Das Sterben ist aus unserem Alltag weitgehend verbannt, es gehört aber dennoch zum
Leben, und die Beschäftigung mit ihm ist unumgänglich und durchaus gewinnbringend.
Andererseits entfachte die filmische Auseinandersetzung mit einem ethisch so brisanten
Thema wie Sterbehilfe zum Teil sehr heftige öffentliche Debatten. Daher sind die Filme
"Million Dollar Baby" und "Das Meer in mir" umstritten.

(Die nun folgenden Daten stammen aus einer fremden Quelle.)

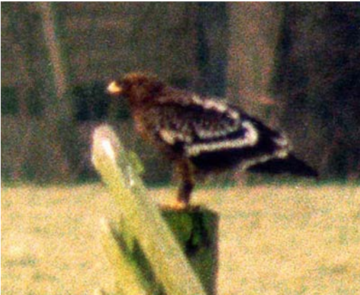
141 Bastaardarend / Greater Spotted Eagle Aquila clanga , juveniel, Anjum, Friesland, 25 januari 2001 (Huub Lanter)
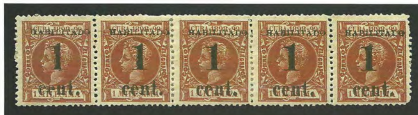
Scott 176 1975 P.F. certificate. Ex-Tows.
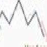
Head and Shoulders
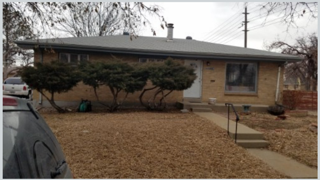
Subject 3021 Timberview Rd
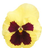
Lemon Blotch VW0204R/E
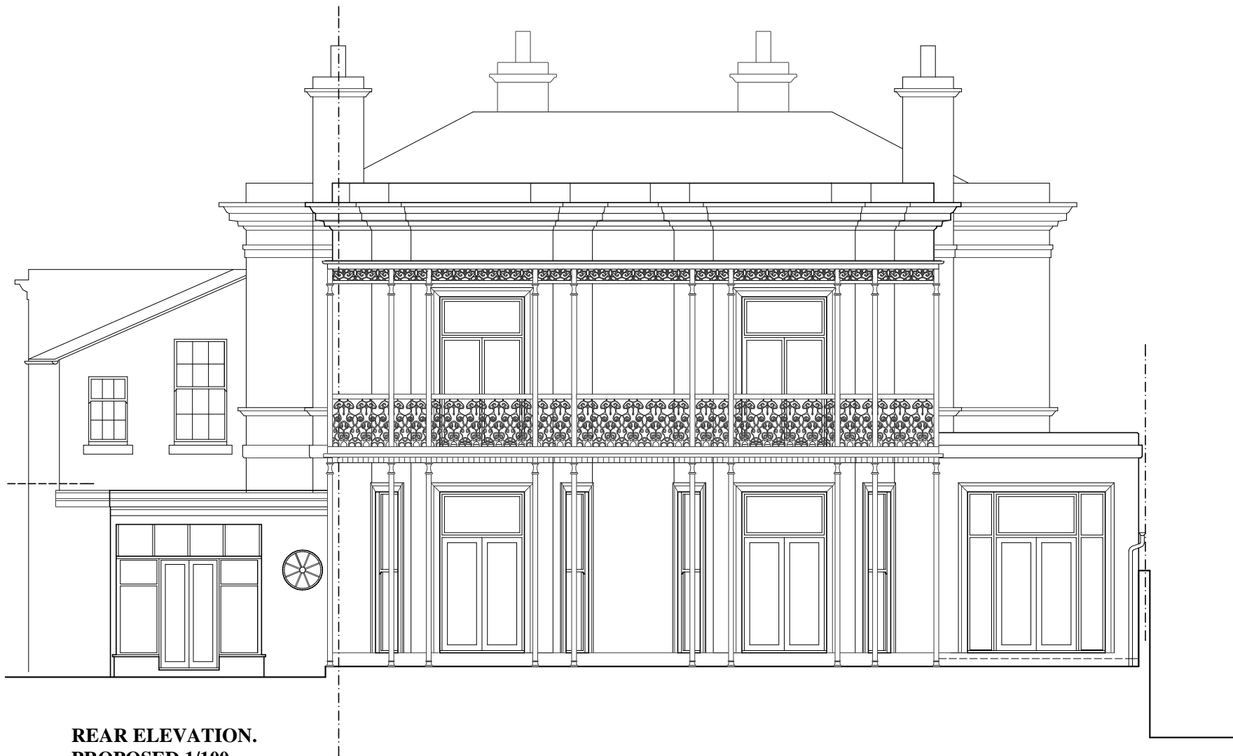
REAR ELEVATION. PROPOSED 1/100

Aber auch Pedro Almodóvars "Sprich mit ihr" sorgte für Diskussionen: in Bezug auf die
Darstellung der Komapatientinnen, des sexuellen Missbrauchs, des (ironisiert) dominanten
männlichen Blicks auf die zur Passivität verdammten Frauen und auch auf den Umgang
mit Tieren in den Stierkampf-Szenen (bei deren Dreharbeiten Stiere getötet wurden).
Die meisten Kritikerinnen und Kritiker bescheinigten den drei Filmen eine außergewöhnlich
hohe filmische Qualität; der jeweils eine bzw. die vier "Oscars" (Million Dollar Baby)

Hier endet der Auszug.